Mushrooms summon bark beetles to attack

Mushrooms summon bark beetles to attack

A bark beetle (Ips typographus) surrounded by fungal mycelium. © D. Kandasamy, V. Grabe/ Max Planck Institute for Chemical Ecology

Bark beetles have already destroyed large areas of forest in this country. They do their job particularly efficiently if the affected trees have already been weakened by special fungi. As researchers have now discovered, these fungi even "call" the beetles to reinforce them by emitting a special attractant that they produce from spruce resin. The new findings could help mitigate future bark beetle infestations and save spruce forests.

The large octagonal spruce bark beetle, also known as the "book printer", is a pest that has already destroyed several million hectares of coniferous forests in Europe. It burrows into the bark of spruce trees, where it mates and lays its eggs. The hatching larvae eat their way through the outer layers of the tree trunk, destroying the pathways important for water and nutrient transport. It has been known for a long time that the beetles mainly attack host trees that are already infected with certain fungi such as Grosmannia penicillata. The fungus probably weakens the tree's defenses to such an extent that the beetles can do their work without any problems.

From spruce resin to attractant

But the complicity of fungus and beetle in the "tree murder" is apparently even closer than expected. Researchers led by Dineshkumar Kandasamy from the Max Planck Institute for Chemical Ecology in Jena have found out in experiments how exactly beetles and fungi come together. To do this, they first let Grosmannia fungi grow on a medium containing spruce bark powder and analyzed which chemical compounds they released into the air. It turned out that the fungi use terpene compounds from the spruce resin to produce oxygen-containing derivatives such as camphor and thujanol.
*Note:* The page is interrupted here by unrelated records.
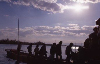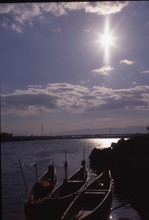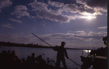 日の出 / 船,人,笠,腕時計,救命胴衣,タオル,川,ロープ,チラシ,新聞紙
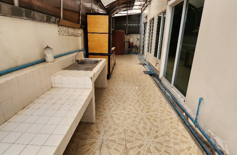 มีเคาน์เตอร์บาร์ ,ประตูสไลด์กระจกเปิดไปด้านหลังเป็นครัว ซิงค์ปูนล้างจาน 1 หลุม
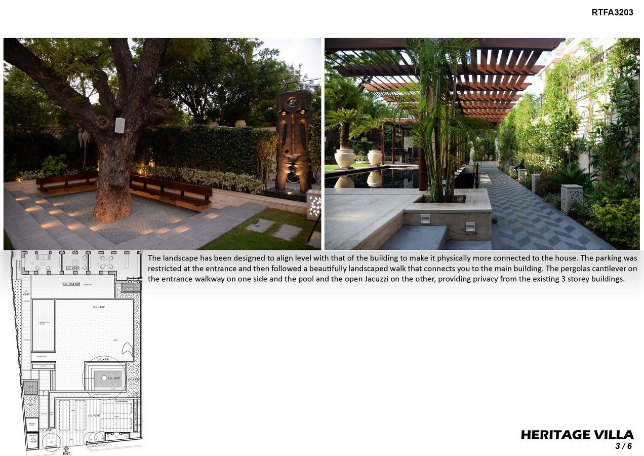 The landscape has been designed to align level with that of the building to make it physically more connected to the house. The parking was restricted at the entrance and then followed a beautifully landscaped walk that connects you to the main building. The pergolas cantilever on the entrance walkway on one side and the pool and the open Jacuzzi on the other, providing privacy from the existing 3 storey buildings. In spite of being a colonial building we made sure the inside and the outside marry well with each other, hence, the repetitiveness of the arches, the alignment of all fenestrations, the scaling of the courtyard and workmanship define the interior language throughout.
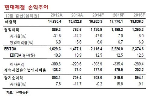 신영증권의 조강운 연구원은 "이자비용이 올해를 고점으로 낮아지고, 부채비율도 하락할 뿐만아니라 제품구성도 올해는 전년에 비해 중국과 경쟁하는 봉형강류의 비중이 10%p 낮아진 28%수준, 판재가 51%로 10%p 높아질 것"이라고 분석했다.
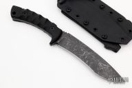 This Kraken by Rustic Knives features an acid tumble finished blade with notched thumbrest, .195" blade stock and 1.487" blade depth, full tang construction with black G-10 scales. Comes with a kydex sheath. Excellent condition.
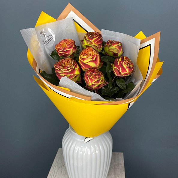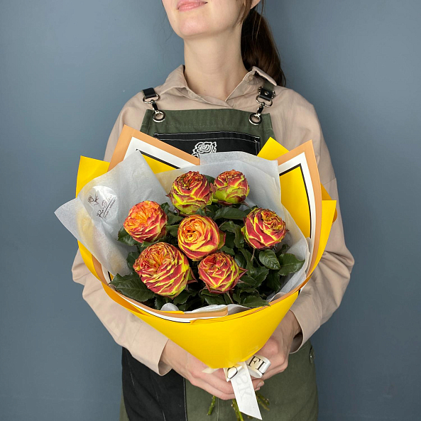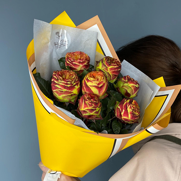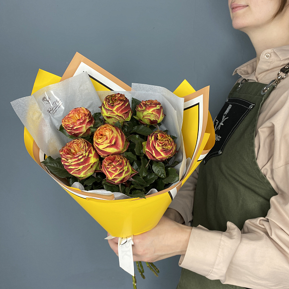 Яркая роза 40 см с пылающими оттенками оранжевого, красного и желтого — настоящий огонь страсти в одном бутоне. Идеальный выбор для тех, кто хочет подарить нечто запоминающееся и яркое.
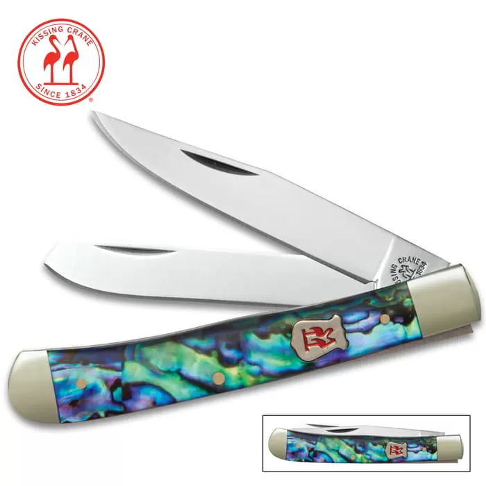 Experience the unrivaled quality of Kissing Crane knives first-hand with their genuine abalone family of knives. This Trapper offers elegant, genuine abalone handle scales that each look different. Each knife is accented by nickel silver bolsters and pins, and features razor-sharp stainless steel blades with the world renown Kissing Crane logo stamped right on the blade.

These chemical compounds are very attractive to book printers, as the research team demonstrated in special test arenas. Further tests also revealed that the beetles even have special olfactory sensory cells in their antennae that are specialized in perceiving these very connections. "It was clear to us that these volatiles serve as chemical signals that maintain the symbiosis between bark beetles and their associated fungi," summarizes Kandasamy. However, the fungus partners not only attract the beetles, but also stimulate them to build tunnels with the scents produced, as behavioral observations have shown.

New pheromone traps for pest control

In nature, the symbiosis between fungus and beetle would look like this: Grosmannia fungi attack a spruce, weakening its defenses and at the same time sending out special attractants that they produce from the resin of the tree. Bark beetles perceive these scents and go to the already weakened spruce. There they burrow into the bark to lay their eggs and also send out attractants that attract more bark beetles. At some point the spruce dies from the double infestation. If it is already weakened by persistent drought and high temperatures, the beetle-fungus duo has an even easier time of it.

These new findings could help fight bark beetle outbreaks more efficiently in the future. Until now, so-called pheromone traps have mostly been used in the fight against the pests. These imitate the attractants that bark beetles send among themselves to attract other species. However, in recent outbreaks, these traps have not proven effective. The researchers are therefore now testing whether the effect can be restored if the scents from the fungal metabolism are added to the traps.